Recombinant Probable menaquinol-cytochrome c reductase iron-sulfur subunit (qcrA)

What is QcrA and what is its role in bacterial respiration?

QcrA is the Rieske iron-sulfur protein subunit of the menaquinol:cytochrome c reductase complex (also known as the bc complex) in bacteria such as Bacillus subtilis. The QcrA protein is a component of the respiratory electron transport chain that catalyzes electron transfer from menaquinol to c-type cytochromes .

The bc complex in B. subtilis represents a distinct class of bc-type complexes that differs from the more commonly studied bc₁ and b₆f complexes. QcrA contains a high-potential [2Fe-2S] Rieske-type cluster that functions as an electron carrier in this respiratory pathway . As part of the three-subunit menaquinol:cytochrome c reductase (QcrABC complex), it plays a critical role in energy generation through the proton-motive force across the cytoplasmic membrane .

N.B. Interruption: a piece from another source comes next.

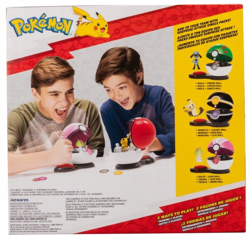 Gra składa się z Poke Balla ustawionego na dwuczęściowej podstawce - aby rozpocząć zabawę, umieść w Poke Ballu figurkę oraz dysk bitewny, po czym naciśnij czerwony przycisk, by wprawić całą konstrukcję w obrotowy ruch!
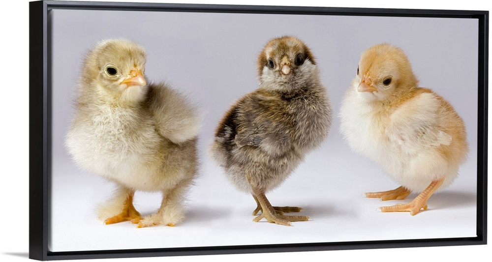 <p>Genetic variation within chickens. These three dya old chicks represent years of selective breeding to bring out traits that help poultry producers.</p>

How is the QcrA protein structurally organized?

QcrA in B. subtilis is a 167-amino acid protein containing a characteristic Rieske-type [2Fe-2S] cluster . The protein has a domain organization that includes:

• A membrane-anchoring domain that secures it to the cytoplasmic membrane

• A soluble domain containing the iron-sulfur cluster that extends into the periplasmic space

• Conserved cysteine and histidine residues that coordinate the [2Fe-2S] cluster

The iron-sulfur cluster in QcrA is coordinated by two cysteine and two histidine residues in a highly conserved arrangement typical of Rieske proteins. This coordination scheme contributes to the relatively high redox potential of the [2Fe-2S] cluster compared to other iron-sulfur proteins .

What experimental approaches are used to study QcrA function in bacterial systems?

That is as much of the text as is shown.